Das erste, große Fernost-RPG für die Xbox 360 sollte es werden – und es wurde immerhin ein guter, wenn auch feiger Versuch, sich mit bereits bekannten Ideen zu rühmen. Alles was man dazu brauchte, war ein neuer Name und natürlich eine veränderte Story. Getreu dem Höhner-Lied “Wenn nicht jetzt, wann dann...” hätte Entwickler Mistwalker - unter der Federführung von Hironobu Sakaguchi, Nobuo Uematsu und Akira Toriyama - es allerdings wagen sollen, andere Pfade zu beschreiten, die nötige Würze hinzuzufügen, eine Priese Neuerungen einzustreuen. Etwa so, wie es Square Enix gegen Ende des letzten Jahres mit seiner erfolgreichen Final Fantasy-Reihe tat. Bewährtes vermischt mit MMOG-Elementen und einem automatisierten KI-System für die eigenen Recken.

Schade eigentlich, denn Blue Dragon ist an sich ein wunderbares, zuweilen verträumtes, und sich doch so echt anfühlendes Rollenspiel. Der Stempel “Made in Japan” drückt dem umfangreichen Blue Dragon jedoch dreierlei Stempel auf die Stirn: Da wäre zum einen der extrem geschmacksabhängige Grafikstil, weiterhin eine Reihe extrem gewöhnungsbedürftiger Charaktere und zu guter Letzt noch eine ungemein 'fantastische' Hintergrundstory mit viel Schmalz in der Seele. Das alles ist nichts Neues für RPG-Fans.

Wer jetzt an den heiligen St. Martin denkt, irrt gewaltig.

Zu Ersterem müsste man eigentlich keine Worte mehr verlieren: Jeder kennt den überzeichneten Dragonball Z-Look, die - im Vergleich zum übrigen Kopf - überdimensionalen Augen oder die wilden und bevorzugt auch schon mal knallbunten Spezialeffekte.
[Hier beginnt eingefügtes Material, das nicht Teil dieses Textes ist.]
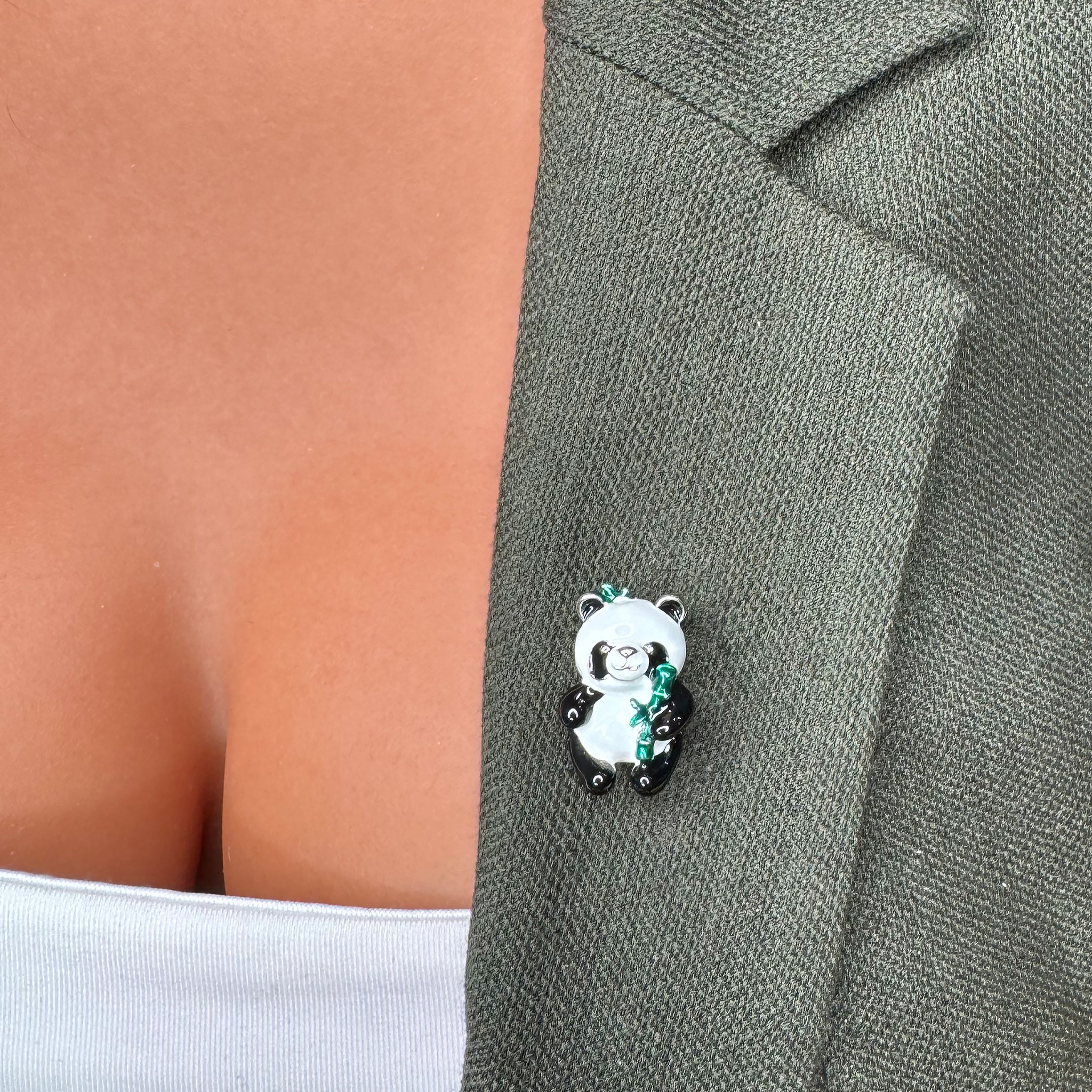 - Panda simbolizează echilibrul, prietenia și liniștea interioară. Este un mesager al blândeții și al bucuriei simple, ceea ce face din această broșă un accesoriu cu semnificație aparte.

Das ist nichts Neues.

Neu ist auch nicht die Aufstellung der obligatorischen Stereotypen, die bereits seit anno SNES das Genre bedienen. Zusammengefasst bietet die bis auf fünf Mitglieder anwachsende Blue Dragon-Party alles, was man schon so zig Male über den Bildschirm schleichen sah. Da wäre der ehrgeizige, arrogante Zögling (Shu), der sich gerne auch einmal selber überschätzt. Dazu gesellen sich mit Freude der typische Vernunftsmensch (Jiro) und das ängstliche Küken mit dem traumatischem Kindheitserlebnis (Kluke). Und als wäre das nicht schon genug der üblichen Verdächtigen, wird auch auf den nervenden Nerd (Marumaro) und das geheimnisvoll anmutende Fräulein (Zola) nicht verzichtet.

Noch einer der Schatten - die blaue Fledermaus!

Nur gut, dass die Helden nicht auch noch – wie immer – im Angesicht der Gefahr über sich selbst hinauswachsen, was? Überraschung! Eben genau jenes Klischee lässt Blue Dragon natürlich ebenfalls nicht aus. Die im Kampf fungierenden und später in verschiedene Richtung upgradbaren „Schatten“ (beispielsweise der namensgebende Blue Dragon) entsprießen den Helden gleich zu Beginn des Abenteuers und unterstützen diese mit mächtigen Kräften.

Wenn solch eine Charakterkonstellation von einem regulären Entwickler stammen würde, könnte man noch damit leben, aber wenn eine Legende wie Hironobu Sakaguchi dafür verantwortlich zeichnet, sollte man auch Hironobu Sakaguchi erkennen können. Angesichts seiner bisherigen Kreationen, allen voran Sephiroth aus Final Fantasy VII, ist das anfangs Gebotene jedenfalls enttäuschend. Dass das einem Profi passiert, ist übrigens auch nichts Neues.